- [WHAT YOU WILL DO]: The reply needs the lines from the one containing "きものの産地として広く知られ" through the end of the material, each repeated exactly, and no pictures.

- [SUPPLIED INFORMATION]:
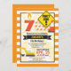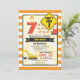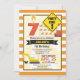 Construction theme boy's birthday party invitation on orange and white striped pattern background. Personalise this cute, invite with your child's name. Features yellow excavator, construction party zone sign, orange cone, and a 7th, seventh birthday candle than can be personalised. Perfect for baby's first, 1st, birthday, toddler, young children, or older kids. Colours include orange, yellow, grey, black and white.
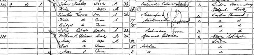 Jeremiah Lyons, 40, single, unlicensed cabdriver, in 1 room at 136 Long Lane, Southwark.
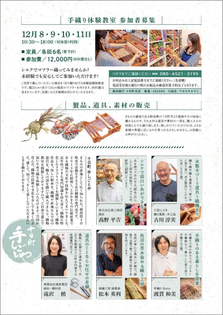 きものの産地として広く知られた、新潟県十日町市で活動する5名の織物の専門家「十日町 手しごとや」による、織物の「手織り体験教室」と「展示・販売」を開催します。
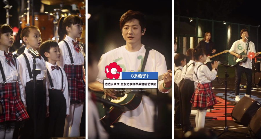 达达乐队唱起了《小燕子》,海龟先生唱起了《蓝精灵》,旅行团乐队则唱起了《鲁冰花》。这些耳熟能详的童年音乐,用一种摇滚的方式呈现出了特别的气质。而他们身边,则是来自各地公益机构的孩子们,用清脆的童声一起演唱。
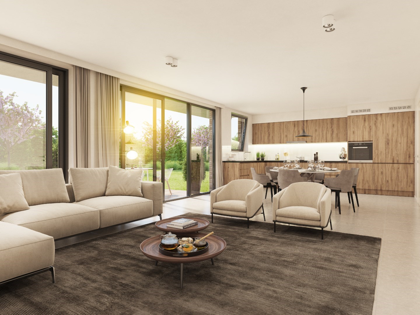 De grote, groene tuin is het paradepaardje van dit unieke woonconcept. U kan er zalig genieten van de wandelpaden en de petanquebaan.
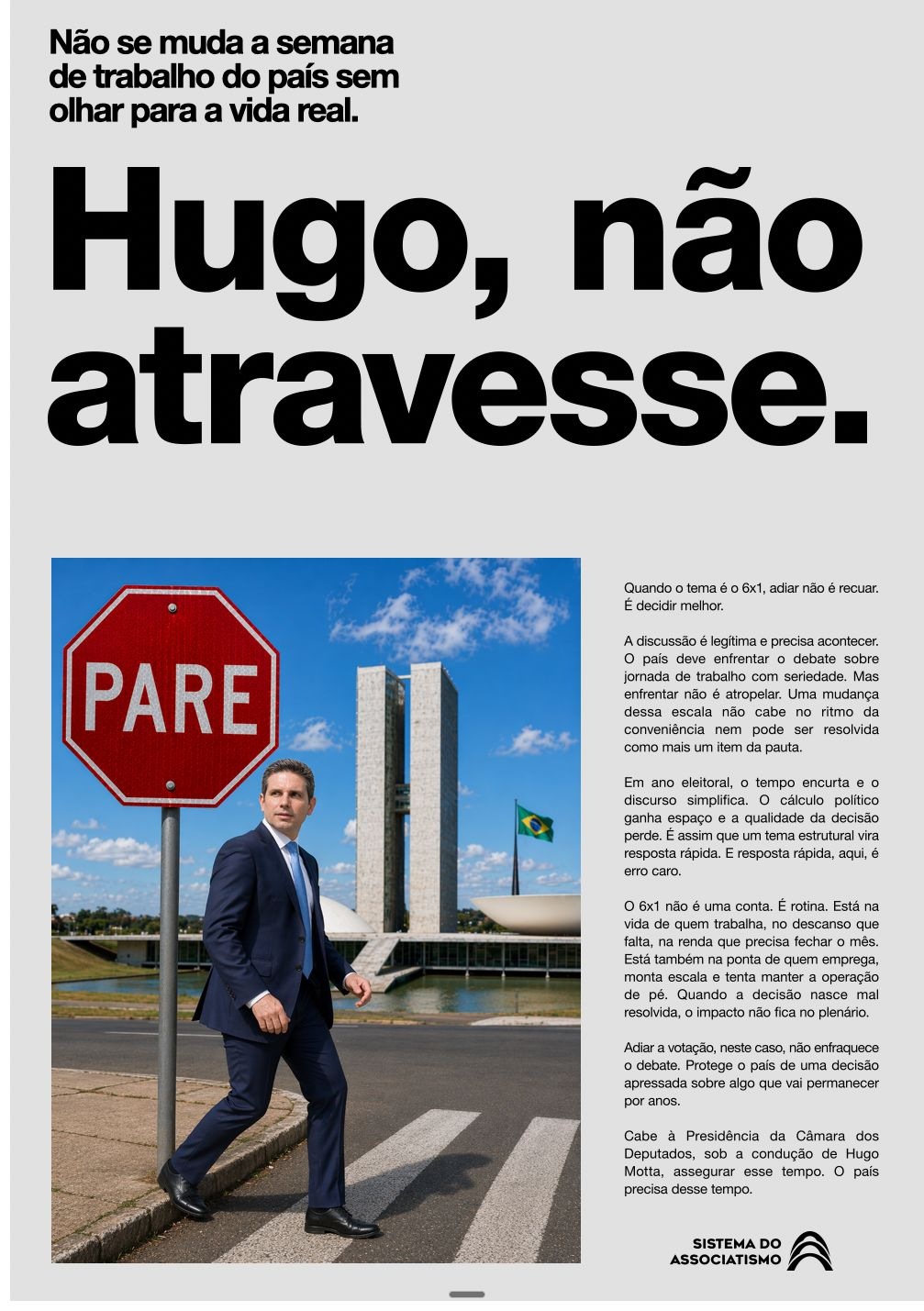O sistema associativista das associações comerciais iniciou uma campanha cobrando de Hugo Motta, presidente da Câmara dos Deputados, o adiamento da votação de propostas que buscam acabar com a escala de trabalho 6x1.
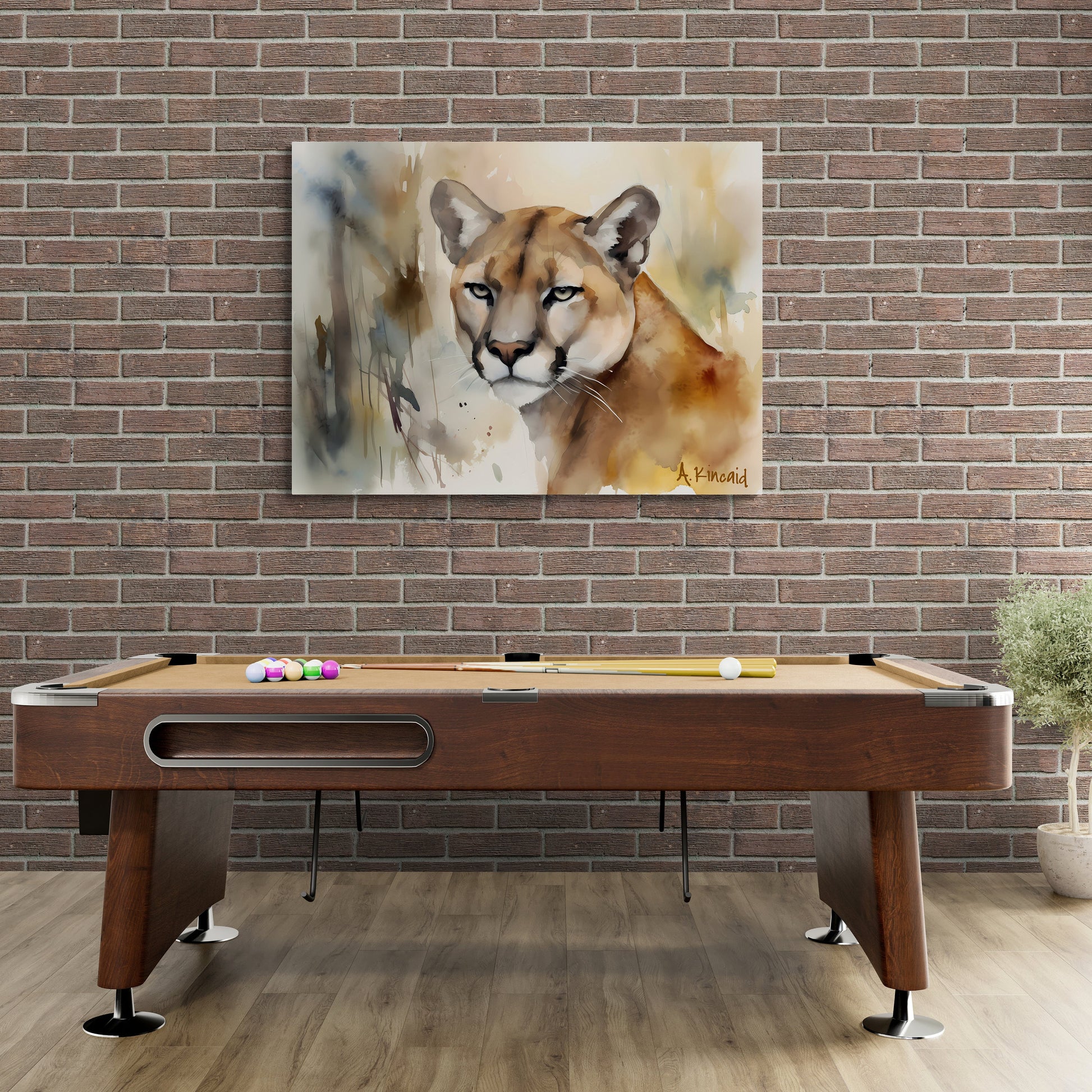 "Mountain Lion Portrait " is part of Archer Kincaid's Forest Series, this watercolor print of a mountain lion is a top-quality canvas print of his original.

- [ANSWER TO THIS TASK]:
 きものの産地として広く知られた、新潟県十日町市で活動する5名の織物の専門家「十日町 手しごとや」による、織物の「手織り体験教室」と「展示・販売」を開催します。
 达达乐队唱起了《小燕子》,海龟先生唱起了《蓝精灵》,旅行团乐队则唱起了《鲁冰花》。这些耳熟能详的童年音乐,用一种摇滚的方式呈现出了特别的气质。而他们身边,则是来自各地公益机构的孩子们,用清脆的童声一起演唱。
 De grote, groene tuin is het paradepaardje van dit unieke woonconcept. U kan er zalig genieten van de wandelpaden en de petanquebaan.
O sistema associativista das associações comerciais iniciou uma campanha cobrando de Hugo Motta, presidente da Câmara dos Deputados, o adiamento da votação de propostas que buscam acabar com a escala de trabalho 6x1.
 "Mountain Lion Portrait " is part of Archer Kincaid's Forest Series, this watercolor print of a mountain lion is a top-quality canvas print of his original.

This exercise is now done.